In epoca alto medioevale era Gavium, poi Gavio sino al ‘600. Poi divenne Gavi. Cavatum, da cui deriva, era il centro della Val Lemme, capoluogo della tribù Cavaturina (tavola del Polcevera, 117 a.C.), divenuto poi Gavatium e poi Gavium.
Forse già insediamento abitato in epoca neolitica, si ritiene che Gavi ospitasse un presidio romano a difesa della via Postumia, Il primo documento ufficiale che menziona Gavi risale all’anno 972 ed è conservato nell’Archivio di Stato di Genova.
Salendo a Gavi da Serravalle incontriamo in frazione Valle il Convento di Nostra Signora delle Grazie della Valle.

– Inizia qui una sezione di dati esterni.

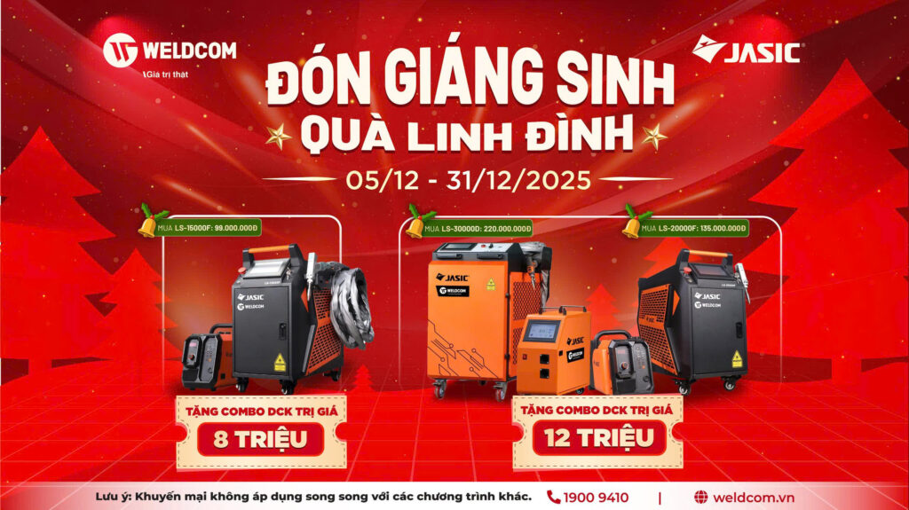 Tháng 12 khởi động mùa lễ hội rộn ràng, Weldcom mang đến chương trình khuyến mại đặc biệt dành cho khách hàng lựa chọn các dòng máy hàn laser JASIC. Đây là dịp vàng để các xưởng gia công đầu tư thiết bị công nghệ cao với chi phí tối ưu, đồng thời nhận thêm nhiều phần quà giá trị từ thương hiệu dụng cụ điện DCK do Weldcom phân phối chính hãng.

Il convento francescano di Valle, costruito nel XVIII secolo su un preesistente ospizio per i pellegrini dedicato a S. Bernardino da Siena, conserva la statua del santo e un dipinto della Vergine risalenti al XV secolo, un gruppo ligneo rappresentante L’estasi di S. Francesco e una statua marmorea di S.Bovo del 1702. Da vedere la sacrestia con mobili settecenteschi e il chiostro con logge al primo piano, perfettamente quadrato, scandito da arcate a tutto sesto sostenute da massicce colonne in pietra.
Forte di Gavi (1024x676)La visita di Gavi prosegue con uno dei suoi emblemi: il Forte.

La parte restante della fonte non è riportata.